Tuesday, June 16, 2009

The Valleys of the Assassins

For those of us who remember 1989, 2009 in Iran is eerily reminiscent. The only question is whether it's going to be the Velvet Revolution of late 1989 which freed Eastern Europe from Communism or whether its going to be June 1989 when the Chinese government crushed a pro democracy movement in Beijing by murdering hundreds of students in Tianamen Square. I don't know which way Iran is going to go, but this has clearly become a huge story. Andrew Sullivan has been posting live twitter feeds from Tehran and raw photo images from the AP and Getty. The BBC is starting to cover this a bit more (their Farsi service, apparently has been excellent) and CNN has now woken up to the enormity of these events. I am not a political blogger, it's not my bag at all, and if I was to blog about things which are of interest to me willy nilly then there would be a lot of tedious posts here about rugby, baseball and beer. I like the discipline of keeping this blog vaguely in the realm of the arts, especially books and films, so in the spirit of that, I'd like to briefly mention two more Iranian books that I've read that might give you an insight into Persian culture and identity: First, Shahrnush Parsipur's lovely collection of stories Women Without Men (nice nod to Hemingway in the title) and second Freya Stark's monumental The Valleys of the Assassins where the indomitable Miss Stark sets out to find the Old Man of the Mountains and the cult of assassins in 1930's Persia.
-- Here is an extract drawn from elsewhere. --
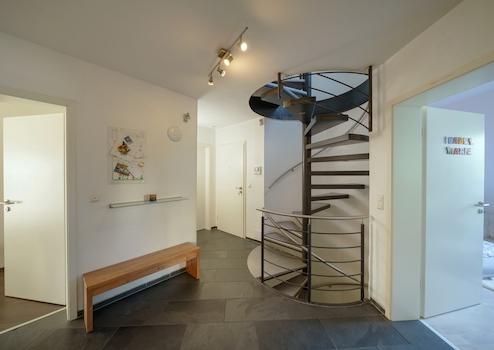 - Die Bodenflächen des 1. OG und die Flure der beiden anderen Etagen sind mit strapazierfähigem Naturschiefer (anthrazit) gefliest

Parsipur is a miniaturist whose observations on Iranian life and identity are precise and eloquent. Freya Stark (1893 - 1993!) is one of the greatest travel writers of all time, undaunted by threats of delay, disease and death, she went wherever she wanted and did exactly as she pleased right up to the end of her long life - they just don't make 'em like that anymore, more's the pity. (BTW the reason this post is green comes from a twitter idea in Iran, to show solidarity with the Green Revolution.)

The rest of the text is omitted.